Profile of Interactive Brokers
Interactive Brokers (often known as IB) is a very popular direct access brokerage. IB is primarily based in the US and the UK, but they offer accounts in several countries, and they will accept traders from almost any country. Interactive Brokers is a direct access brokerage, and offers access to exchanges in the US, Europe, and Asia and allows trading of their markets via a single interface known as their Universal Account. IB is a very Internet oriented brokerage, and almost anything that needs to be done (either trading or account management) can be done via either their trading software or their web site.
Opening an Account
An account with Interactive Brokers can be opened completely via their web site, and only takes approximately fifteen minutes to complete. The initial equity deposit needs to be at least $10,000 (or its equivalent in a variety of other currencies), and this can consist of either cash, or securities (e.g. stocks), or both. The initial deposit can be deposited electronically as part of the account opening process. Once an account is opened, there is a small delay (usually a few days) for the initial deposit to clear, but afterwards trading can be started immediately.
In addition to the initial deposit, Interactive Brokers' has minimum income and trading experience requirements for new accounts, that new traders may find difficult to meet. New traders should therefore consider all of their income and trading experience (e.g. even that disastrous buy and hold stock trade they made five years ago) when they are answering the income and trading experience questions.

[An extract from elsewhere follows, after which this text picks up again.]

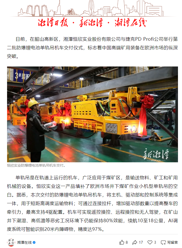 xiao12666@163.com國內(nèi)權(quán)威媒體報(bào)道我司單軌吊再次出口歐洲

Trading Commissions and Fees
Interactive Brokers has some of the lowest commissions and fees, especially when compared with traditional and retail online brokerages. IB offers two different commission structures, including a bundled option where the exchange fees and brokerage commissions are combined into a single flat fee, and a separate option where the exchange fees and brokerage commissions are charged separately. For most new traders, the bundled option is the better option, as it is the easiest to understand, and still offers very low commissions and fees. IB's market data fees are either free (if the exchange is free) or very low, and some market data fees are waived if at least $30 in trading commission is generated each month.

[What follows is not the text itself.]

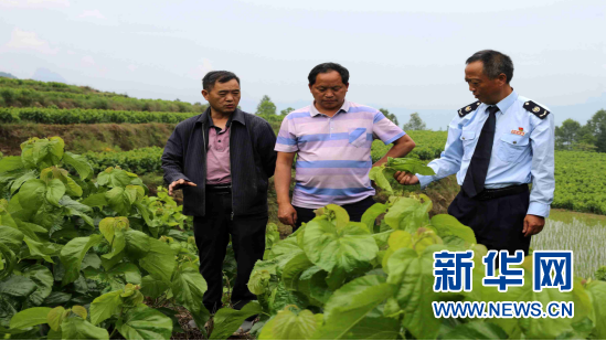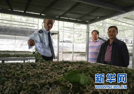 養(yǎng)蠶大戶鄧遂洪(左一)介紹桑樹防蟲技術。新華網(wǎng)發(fā)(重慶稅務供圖)

Interactive Brokers provides trading software called Trader Workstation (often known as TWS). TWS is programmed in Java, so it will run on Windows, Mac, and Unix systems, which can be useful, but it is not as fast or as stable as it would be if it was programmed in C or C++. TWS allows trading of all of the markets that IB offers via a single interface, and also provides some account management features. The learning curve for TWS can be quite steep, but trading can be started once a few basic tasks have been learned (e.g. placing and managing orders). TWS also provides an API (application programming interface) in several programming languages, and this can be used to access almost all of TWS' features via other programs. There are many compatible programs available including charting (such as Sierra Chart), and order entry software (such as VisualStation), so traders can use a trading interface that they prefer without learning everything about TWS.